Tuesday, June 06, 2006


Almost finished:

The little steek top, due to be worn this Friday evening with a mid length black skirt from Le Chateau. I'm thinking some judicious bra shopping will take place between now and then.

The second sock, with plenty of yarn left over. Turns out I Needn't Have Worried. Ha! - I choose to believe that it was my incessant worry that in fact averted certain sock disaster. As Mad-Eye Moody would say: "CONstant Vigilance!" Perhaps I can get a little pair for my DS out of the leftovers.


Recently arrived:

The latest installment in the fortification of the stash against lean times to come. Clockwise from top right:

  • Fingering weight baby alpaca / silk from Elann in rich aubergine (my favorite color word) and a sultry olive green. For an as yet to be worked out original design featuring some combination of Fair Isle motifs and lace patterning. Might need some black to supplement. Haven't decided.
  • Aran weight wool from Knit Picks (bargain price, rather one dimensional crayon box colors) earmarked for the next Dulaan sweater. (2007 shipment, which reminds me, I'd better get my butt in gear and get 2006 in the mail - I am SO bad about mailing stuff.
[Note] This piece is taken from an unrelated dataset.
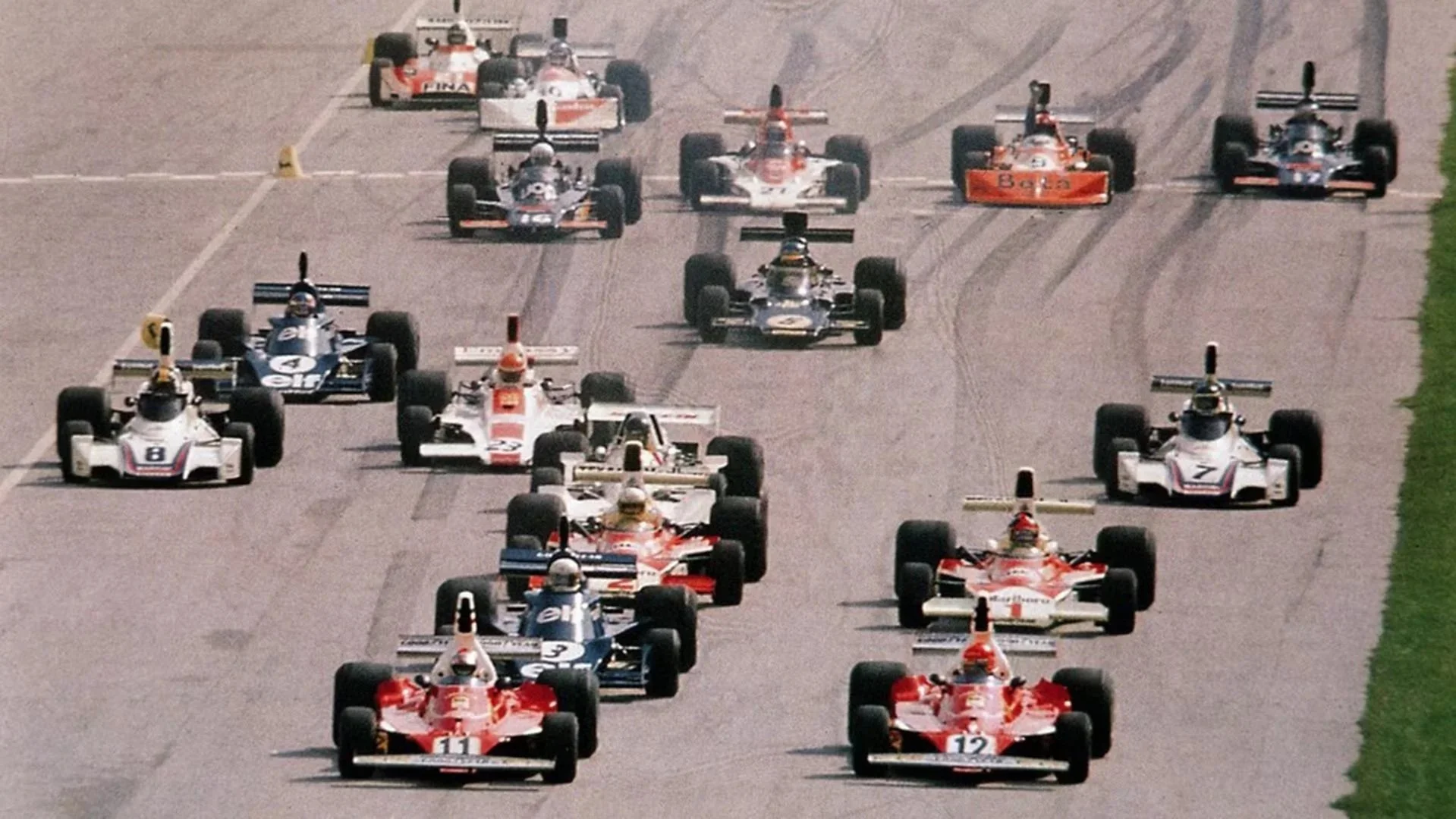 Behind him, Regazzoni made it a Ferrari one–two, while Fittipaldi’s McLaren faltered with fading grip.

How hard can it be, I ask myself repeatedly - address it, go to the post office. No confrontation, no negotiating, just pay the nice lady whatever exorbitant fee she quotes. For some reason, it is one of my Avoidance Things. Except for the business - I get those out immediately and then don't sleep until they show safely delivered on the tracking system.)
  • Lovely charcoal grey worsted weight wool for either the wild cabled cardigan in Loop 'D Loop or some other wildly cabled thing of my own design.
  • Rich brown 40% wool / acrylic and polyamide blend - supposed to be super elastic - for that desperately cool cabled tunic in Loop 'D Loop that looks like tree bark.
  • Light blue cotton elastic blend for a bikini. Having thoroughly dissed Sexy Little Knits, I am going to put my money where my mouth is and make a bikini from the book. I do in fact wear the things, although not to walk my dog or go shopping in Beverly Hills - pretty much just to sit in the hot tub in Whistler sipping beer and looking at the mountains. And nice ones are actually rather expensive to buy, so this will be a sort of cost analysis experiment. How long will a handknit bikini stand up to regular hot-tubbing? I plan to wear it for the first time when no one is around and I have a large towel immediately to hand Just In Case. I may or may not post photographic evidence.
  • More books.
  • More lovely wool in dark blue and creamy natural, for a fitted cardigan featuring traditional Scandinavian motifs. Also a yet to be worked out original design. (Note the reference book of traditional Scandinavian knitting).
  • Last of all, two skeins of hand dyed sock yarn for a rainy day and because everyone else has it and I don't. Didn't.
  • Almost forgot - hidden behind the books are a number of vacuum sealable storage bags with which I am going to compress the entire stash into a small cube (or two) of infinite density. Ditto my lifetime collection of cotton print quilting fabric.